HETD2 computes the tridiagonal form of a complex hermitian matrix A.

(This is the unblocked version of the algorithm).

The tridiagonal form is given by:

T = Q' * A * Q

where T is hermitian tridiagonal and Q is an unitary matrix represented as the product of Householder matrices

Q = H(1) * H(2) * ... *  H(n-1) if uplo indicates lower, or
Q = H(n-1) * H(n-2) * ... * H(1) if uplo indicates upper.

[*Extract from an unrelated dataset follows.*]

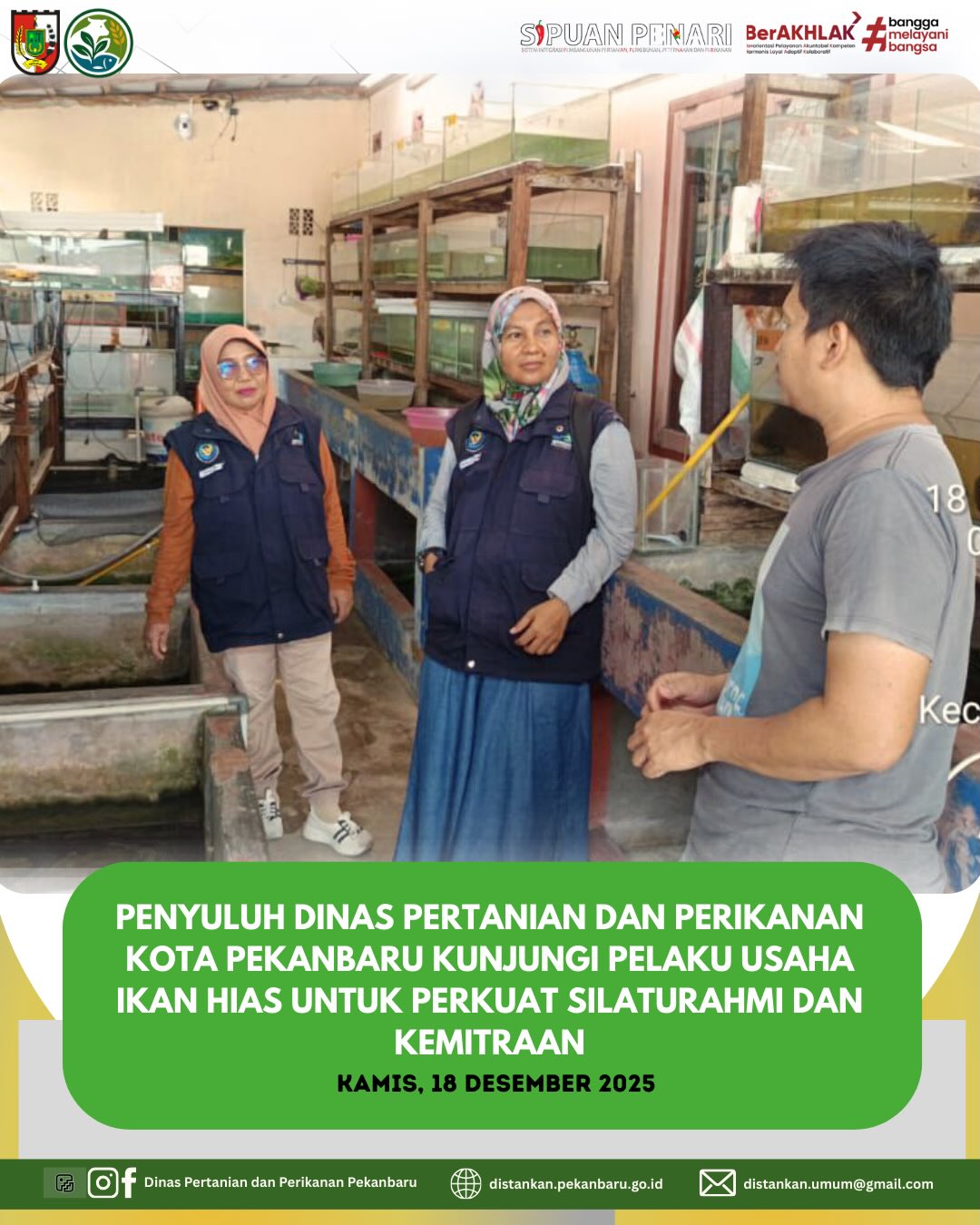 Penyuluh Dinas Pertanian dan Perikanan Kota Pekanbaru melaksanakan kunjungan anjangsana ke usaha budidaya ikan hias milik Bapak Riki Ardianyah Lubis, Ketua Pokdakan Hias Jaya, di Simpang Tiga, Kamis (18/12/2025).

Each Householder matrix H(i) is given by

H(i) = I - tau[i] * v(i) * v(i)'

where tau[i] is the corresponding Householder scalar. When uplo indicates lower, the first i elements of the Householder vector v(i) are zero, and v(i)[i+1] = 1. If uplo indicates upper, the last n-i elements of the Householder vector v(i) are zero, and v(i)[i] = 1.

Parameters
  • handle[in] rocblas_handle.

  • uplo[in]

    rocblas_fill.

    Specifies whether the upper or lower part of the hermitian matrix A is stored. If uplo indicates lower (or upper), then the upper (or lower) part of A is not used.

  • n[in]

    rocblas_int. n >= 0.

    The number of rows and columns of the matrix A.

  • A[inout]

    pointer to type. Array on the GPU of dimension lda*n.

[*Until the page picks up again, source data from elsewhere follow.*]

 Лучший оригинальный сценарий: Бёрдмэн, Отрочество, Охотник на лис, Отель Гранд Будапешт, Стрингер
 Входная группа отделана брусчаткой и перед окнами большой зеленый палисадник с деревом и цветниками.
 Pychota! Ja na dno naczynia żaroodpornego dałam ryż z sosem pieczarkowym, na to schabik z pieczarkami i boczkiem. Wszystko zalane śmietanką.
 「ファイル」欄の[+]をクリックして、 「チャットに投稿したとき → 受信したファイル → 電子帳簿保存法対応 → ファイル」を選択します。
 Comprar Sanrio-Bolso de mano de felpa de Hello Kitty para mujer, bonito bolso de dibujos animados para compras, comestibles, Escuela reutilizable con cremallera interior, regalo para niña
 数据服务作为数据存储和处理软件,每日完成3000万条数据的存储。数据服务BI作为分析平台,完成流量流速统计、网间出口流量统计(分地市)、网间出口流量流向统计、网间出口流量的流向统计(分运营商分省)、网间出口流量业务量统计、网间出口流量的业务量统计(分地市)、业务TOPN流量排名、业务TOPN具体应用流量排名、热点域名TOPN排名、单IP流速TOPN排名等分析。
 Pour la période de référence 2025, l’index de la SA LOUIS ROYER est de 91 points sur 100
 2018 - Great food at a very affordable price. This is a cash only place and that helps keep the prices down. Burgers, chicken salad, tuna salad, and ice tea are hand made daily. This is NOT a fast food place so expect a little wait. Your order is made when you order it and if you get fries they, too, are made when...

    On entry, the matrix to be factored. On exit, if upper, then the elements on the diagonal and superdiagonal contain the tridiagonal form T; the elements above the superdiagonal contain the i-1 non-zero elements of vectors v(i) stored as columns. If lower, then the elements on the diagonal and subdiagonal contain the tridiagonal form T; the elements below the subdiagonal contain the n-i-1 non-zero elements of vectors v(i) stored as columns.

  • lda[in]

    rocblas_int. lda >= n.

    specifies the leading dimension of A.

  • D[out]

    pointer to real type. Array on the GPU of dimension n.

    The diagonal elements of T.

  • E[out]

    pointer to real type. Array on the GPU of dimension n-1.

    The off-diagonal elements of T.

  • tau[out]

    pointer to type. Array on the GPU of dimension n-1.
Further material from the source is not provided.